Additional limitations of this study include limited availability of clinical data in the RA cohort used for the initial gene-signature discovery owing to the retrospective nature of interrogation of clinical chart data after sample collection from joint surgery, and a lack of consent for chart review in some cases. In particular, there were incomplete or missing data for serological autoantibody status for RF or anti-citrullinated protein antibodies. Also, the RA patient population studied for synovial gene expression represents late-stage disease where patients received joint surgery to correct deformity, replace joints, or manage pain. This study also does not address the presence and stability of synovial phenotypes longitudinally from early to late-stage disease and with respect to development of bone erosion. Finally, in the current study we have not applied an exhaustive investigation of all the potential serum biomarkers that may correlate with synovial subtypes, in part due to the desire to minimize multiple testing issues due to the limited number of anti-TNFα-treated patient samples available for biomarker analysis. These important questions are being addressed in a series of follow-up prospective studies.

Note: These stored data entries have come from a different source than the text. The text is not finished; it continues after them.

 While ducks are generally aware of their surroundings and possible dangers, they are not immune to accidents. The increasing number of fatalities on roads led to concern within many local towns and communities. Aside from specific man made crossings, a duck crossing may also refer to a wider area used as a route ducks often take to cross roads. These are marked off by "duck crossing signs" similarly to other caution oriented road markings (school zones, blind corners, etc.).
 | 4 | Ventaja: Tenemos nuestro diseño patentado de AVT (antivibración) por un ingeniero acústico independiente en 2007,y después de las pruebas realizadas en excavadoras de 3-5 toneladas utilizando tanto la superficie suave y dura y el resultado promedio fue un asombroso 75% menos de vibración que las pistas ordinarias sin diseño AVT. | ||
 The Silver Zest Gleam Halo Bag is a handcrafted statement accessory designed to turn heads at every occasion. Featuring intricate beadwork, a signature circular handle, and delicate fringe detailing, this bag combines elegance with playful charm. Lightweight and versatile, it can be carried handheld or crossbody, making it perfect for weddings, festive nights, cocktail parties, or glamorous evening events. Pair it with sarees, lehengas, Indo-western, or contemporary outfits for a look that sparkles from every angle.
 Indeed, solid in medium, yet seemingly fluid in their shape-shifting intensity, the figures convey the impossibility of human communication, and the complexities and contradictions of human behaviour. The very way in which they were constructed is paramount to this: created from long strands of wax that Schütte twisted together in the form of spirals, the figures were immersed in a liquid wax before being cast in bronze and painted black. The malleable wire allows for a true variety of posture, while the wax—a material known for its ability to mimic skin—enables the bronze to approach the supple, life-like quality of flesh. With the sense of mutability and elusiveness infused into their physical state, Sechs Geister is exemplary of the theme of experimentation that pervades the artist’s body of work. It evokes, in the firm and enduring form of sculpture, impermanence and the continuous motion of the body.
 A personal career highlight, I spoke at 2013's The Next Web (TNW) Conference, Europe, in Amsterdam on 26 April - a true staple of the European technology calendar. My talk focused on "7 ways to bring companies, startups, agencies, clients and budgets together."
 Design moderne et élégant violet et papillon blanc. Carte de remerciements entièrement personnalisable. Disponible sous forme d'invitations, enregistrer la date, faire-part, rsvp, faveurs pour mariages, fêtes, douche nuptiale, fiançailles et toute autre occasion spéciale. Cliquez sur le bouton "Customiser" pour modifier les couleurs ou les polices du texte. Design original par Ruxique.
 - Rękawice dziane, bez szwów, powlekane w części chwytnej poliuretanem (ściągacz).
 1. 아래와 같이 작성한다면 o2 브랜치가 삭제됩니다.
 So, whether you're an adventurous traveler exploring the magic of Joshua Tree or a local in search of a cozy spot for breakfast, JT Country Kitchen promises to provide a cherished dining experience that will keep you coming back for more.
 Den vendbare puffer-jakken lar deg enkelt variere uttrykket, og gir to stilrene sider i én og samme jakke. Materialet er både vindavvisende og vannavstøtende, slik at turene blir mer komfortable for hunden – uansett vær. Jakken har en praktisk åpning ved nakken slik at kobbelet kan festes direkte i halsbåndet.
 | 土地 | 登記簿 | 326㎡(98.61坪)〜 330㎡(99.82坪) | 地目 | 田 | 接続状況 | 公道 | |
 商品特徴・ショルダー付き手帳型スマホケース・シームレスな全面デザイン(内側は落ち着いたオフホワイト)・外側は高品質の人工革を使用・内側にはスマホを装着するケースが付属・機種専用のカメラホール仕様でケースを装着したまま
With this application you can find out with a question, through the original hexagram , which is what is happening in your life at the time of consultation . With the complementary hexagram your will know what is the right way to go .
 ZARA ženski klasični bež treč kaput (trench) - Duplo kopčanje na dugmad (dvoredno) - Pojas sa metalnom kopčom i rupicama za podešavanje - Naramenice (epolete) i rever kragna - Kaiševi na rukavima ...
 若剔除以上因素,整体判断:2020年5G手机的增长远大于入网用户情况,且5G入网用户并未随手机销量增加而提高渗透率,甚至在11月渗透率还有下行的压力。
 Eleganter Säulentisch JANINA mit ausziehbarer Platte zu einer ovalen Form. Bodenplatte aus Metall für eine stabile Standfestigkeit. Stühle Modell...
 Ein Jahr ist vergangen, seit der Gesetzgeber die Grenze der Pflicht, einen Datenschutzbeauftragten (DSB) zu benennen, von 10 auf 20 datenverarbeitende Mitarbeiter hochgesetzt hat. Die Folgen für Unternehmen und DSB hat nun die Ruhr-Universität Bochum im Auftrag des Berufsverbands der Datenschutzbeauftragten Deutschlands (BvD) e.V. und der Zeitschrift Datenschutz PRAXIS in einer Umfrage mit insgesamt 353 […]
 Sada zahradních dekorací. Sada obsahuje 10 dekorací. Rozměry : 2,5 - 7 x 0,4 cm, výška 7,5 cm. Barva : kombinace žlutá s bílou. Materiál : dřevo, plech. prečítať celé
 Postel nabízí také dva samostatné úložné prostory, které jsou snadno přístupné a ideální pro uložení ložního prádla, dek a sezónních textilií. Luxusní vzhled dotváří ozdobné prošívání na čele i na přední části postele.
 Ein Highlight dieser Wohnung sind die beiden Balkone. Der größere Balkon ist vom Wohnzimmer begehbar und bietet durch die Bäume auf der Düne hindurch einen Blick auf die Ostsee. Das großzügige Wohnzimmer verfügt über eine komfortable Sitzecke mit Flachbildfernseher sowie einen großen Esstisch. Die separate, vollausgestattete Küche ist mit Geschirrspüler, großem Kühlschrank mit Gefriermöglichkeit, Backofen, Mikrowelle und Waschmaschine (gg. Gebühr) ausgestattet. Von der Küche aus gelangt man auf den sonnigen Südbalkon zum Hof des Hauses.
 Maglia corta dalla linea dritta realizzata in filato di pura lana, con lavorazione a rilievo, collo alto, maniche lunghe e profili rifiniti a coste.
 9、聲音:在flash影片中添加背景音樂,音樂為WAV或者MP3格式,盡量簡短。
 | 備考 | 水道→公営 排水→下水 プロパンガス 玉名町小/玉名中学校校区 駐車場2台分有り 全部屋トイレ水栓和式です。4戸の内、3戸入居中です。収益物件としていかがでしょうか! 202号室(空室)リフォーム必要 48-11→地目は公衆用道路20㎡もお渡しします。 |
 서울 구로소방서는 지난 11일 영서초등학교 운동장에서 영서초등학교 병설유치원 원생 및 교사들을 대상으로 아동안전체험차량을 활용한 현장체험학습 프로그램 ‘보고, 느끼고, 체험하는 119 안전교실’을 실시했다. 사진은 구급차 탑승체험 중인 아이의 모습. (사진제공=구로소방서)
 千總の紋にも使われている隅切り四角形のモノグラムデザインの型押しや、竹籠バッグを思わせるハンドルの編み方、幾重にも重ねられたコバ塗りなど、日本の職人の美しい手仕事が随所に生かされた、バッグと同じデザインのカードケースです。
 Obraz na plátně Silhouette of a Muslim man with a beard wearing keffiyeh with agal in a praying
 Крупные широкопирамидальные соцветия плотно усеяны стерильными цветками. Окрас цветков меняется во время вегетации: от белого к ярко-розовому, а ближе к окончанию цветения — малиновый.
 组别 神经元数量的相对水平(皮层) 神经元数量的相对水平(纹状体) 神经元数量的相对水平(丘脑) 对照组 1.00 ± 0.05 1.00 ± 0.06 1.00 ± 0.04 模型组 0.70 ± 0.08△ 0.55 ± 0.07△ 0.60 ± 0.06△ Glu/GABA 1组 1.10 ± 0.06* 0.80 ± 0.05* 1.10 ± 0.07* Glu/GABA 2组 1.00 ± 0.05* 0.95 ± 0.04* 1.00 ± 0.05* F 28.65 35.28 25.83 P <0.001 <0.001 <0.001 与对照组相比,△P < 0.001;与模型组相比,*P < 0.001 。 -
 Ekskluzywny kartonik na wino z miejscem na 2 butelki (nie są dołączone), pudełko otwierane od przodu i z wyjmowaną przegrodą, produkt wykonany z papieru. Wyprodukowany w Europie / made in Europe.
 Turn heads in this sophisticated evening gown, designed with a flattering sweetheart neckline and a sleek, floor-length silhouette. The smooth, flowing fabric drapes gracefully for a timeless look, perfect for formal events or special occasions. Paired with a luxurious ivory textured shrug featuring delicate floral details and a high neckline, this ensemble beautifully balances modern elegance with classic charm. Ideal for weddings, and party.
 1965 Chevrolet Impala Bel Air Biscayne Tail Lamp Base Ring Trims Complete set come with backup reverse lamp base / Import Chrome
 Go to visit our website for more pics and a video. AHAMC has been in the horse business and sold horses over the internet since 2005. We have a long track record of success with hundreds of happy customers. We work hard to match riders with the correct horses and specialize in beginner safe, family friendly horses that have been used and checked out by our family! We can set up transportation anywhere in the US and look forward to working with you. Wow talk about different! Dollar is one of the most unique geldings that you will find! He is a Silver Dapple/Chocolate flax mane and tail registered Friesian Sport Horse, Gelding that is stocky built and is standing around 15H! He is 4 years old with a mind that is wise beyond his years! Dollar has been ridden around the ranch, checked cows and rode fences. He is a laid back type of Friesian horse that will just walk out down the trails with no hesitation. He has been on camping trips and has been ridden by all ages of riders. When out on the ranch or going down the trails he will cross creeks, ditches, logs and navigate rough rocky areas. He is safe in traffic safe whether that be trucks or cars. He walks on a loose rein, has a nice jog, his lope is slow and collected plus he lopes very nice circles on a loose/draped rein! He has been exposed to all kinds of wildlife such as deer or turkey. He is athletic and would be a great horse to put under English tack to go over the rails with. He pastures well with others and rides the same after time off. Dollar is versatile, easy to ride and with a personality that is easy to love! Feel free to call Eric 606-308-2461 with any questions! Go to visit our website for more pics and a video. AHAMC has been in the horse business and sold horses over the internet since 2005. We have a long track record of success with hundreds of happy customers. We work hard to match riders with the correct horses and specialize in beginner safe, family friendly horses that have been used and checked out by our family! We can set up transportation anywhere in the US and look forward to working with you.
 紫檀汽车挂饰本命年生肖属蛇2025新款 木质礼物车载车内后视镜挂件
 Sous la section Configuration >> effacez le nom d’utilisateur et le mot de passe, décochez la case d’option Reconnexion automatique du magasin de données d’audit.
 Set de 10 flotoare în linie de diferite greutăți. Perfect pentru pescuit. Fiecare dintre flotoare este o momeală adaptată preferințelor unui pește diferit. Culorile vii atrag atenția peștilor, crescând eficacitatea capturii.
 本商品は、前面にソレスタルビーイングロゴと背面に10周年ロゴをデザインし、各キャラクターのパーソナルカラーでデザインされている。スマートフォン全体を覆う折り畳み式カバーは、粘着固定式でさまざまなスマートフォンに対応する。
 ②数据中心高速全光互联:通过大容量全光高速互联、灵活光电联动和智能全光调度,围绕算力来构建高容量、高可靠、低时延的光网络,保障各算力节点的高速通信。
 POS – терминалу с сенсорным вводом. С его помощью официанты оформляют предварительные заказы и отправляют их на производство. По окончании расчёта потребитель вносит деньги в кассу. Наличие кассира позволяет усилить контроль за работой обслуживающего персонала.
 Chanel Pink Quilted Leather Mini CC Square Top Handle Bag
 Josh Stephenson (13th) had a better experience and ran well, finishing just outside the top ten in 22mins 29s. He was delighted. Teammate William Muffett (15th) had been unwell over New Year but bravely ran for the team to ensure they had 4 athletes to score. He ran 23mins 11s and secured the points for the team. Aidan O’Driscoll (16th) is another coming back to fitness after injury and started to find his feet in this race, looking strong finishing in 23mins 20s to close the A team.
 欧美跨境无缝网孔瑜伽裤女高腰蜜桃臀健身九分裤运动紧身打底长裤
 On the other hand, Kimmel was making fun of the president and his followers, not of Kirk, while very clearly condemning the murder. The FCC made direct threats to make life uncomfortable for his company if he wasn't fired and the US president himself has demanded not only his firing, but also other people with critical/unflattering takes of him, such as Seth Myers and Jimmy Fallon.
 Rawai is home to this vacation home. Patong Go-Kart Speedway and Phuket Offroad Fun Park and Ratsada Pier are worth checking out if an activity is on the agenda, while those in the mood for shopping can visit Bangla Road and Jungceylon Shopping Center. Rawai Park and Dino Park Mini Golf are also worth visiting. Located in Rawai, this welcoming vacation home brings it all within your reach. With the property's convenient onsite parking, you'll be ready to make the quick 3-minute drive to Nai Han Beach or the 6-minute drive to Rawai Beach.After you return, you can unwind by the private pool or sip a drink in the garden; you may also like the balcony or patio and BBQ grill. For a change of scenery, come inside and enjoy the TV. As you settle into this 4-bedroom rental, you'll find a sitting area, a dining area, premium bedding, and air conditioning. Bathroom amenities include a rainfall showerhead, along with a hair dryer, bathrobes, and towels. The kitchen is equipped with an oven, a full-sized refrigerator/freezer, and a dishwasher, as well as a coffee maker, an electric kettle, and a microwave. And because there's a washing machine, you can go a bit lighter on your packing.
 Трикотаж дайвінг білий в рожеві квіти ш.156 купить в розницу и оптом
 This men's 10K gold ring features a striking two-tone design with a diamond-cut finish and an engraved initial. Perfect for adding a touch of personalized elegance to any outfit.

Utilizing genome-wide expression analysis of synovial tissues from a large RA cohort, we have defined distinct molecular and cellular phenotypes that reflect the considerable heterogeneity present in the RA synovium. In particular, two distinct inflammatory axes emerge from this analysis: one dominated by B cells and the other dominated by inflammatory macrophages and NF-κB-activating cytokines, such as TNFα. It is important to point out that these cellular and molecular signatures, as well as the RA patients, represent a continuous rather than a discrete distribution, as is evident from the presence of lower inflammatory patients with intermediate molecular characteristics between these polar phenotypes. Analysis of respective gene-set modules and serum biomarkers suggest differential clinical response to anti-TNFα and anti-IL6R therapy is dependent in part on the presence of these inflammatory axes. A further subgroup of patients presented with a pauci-immune phenotype lacking major B cell or macrophage infiltration and may reflect a distinct subgroup of patients. These synovial phenotypes explain some of the underlying clinical and drug response heterogeneity in RA, and identifying and stratifying patients prospectively with respect to their synovial phenotype, for example by using blood biomarkers, may be important in making therapeutic decisions for targeting therapies. Such considerations are also likely to be very important for clinical trial design for new therapies to select patients prospectively for increased clinical response rates, and for the design of clinical studies to differentiate targeted therapies with different mechanisms of action.
ACR: American College of Rheumatology; ADACTA: ADalimumab ACTemrA; Agg: aggregated; AUC: area under the receiver-operating characteristic curve; BMP: bone morphogenetic protein; CXCL13: C-X-C motif chemokine 13; DAB: 3,3′-diaminobenzidine; DAS28: disease activity score (from 28 joints); DAVID: Database for Annotation Visualization and Integrated Discovery; DMARD: disease-modifying anti-rheumatic drug; ESR: erythrocyte sedimentation rate; EULAR: European League Against Rheumatism; FACS: fluorescence-activated cell sorting; FDR: false discovery rate; HCL: hierarchical clustering; IFN: interferon; IL: interleukin; JAK: Janus kinase; LLOQ: lower limit of quantification; LN: lymphoid neogenesis; LPS: lipopolysaccharide; MSigDB: Molecular Signatures DataBase; NF-κB: nuclear factor kappa-light-chain-enhancer of activated B cells; NS: not significant; NSAID: non-steroidal anti-inflammatory drug; PAM: partitioning around medoids; RA: rheumatoid arthritis; RF: rheumatoid factor; RMA: robust multichip average; ROC: receiver-operating characteristic; sICAM1: soluble intercellular adhesion molecule 1; STAT: signal transducer and activator of transcription; STEPP: subpopulation treatment effect pattern plot; TNF: tumor necrosis factor.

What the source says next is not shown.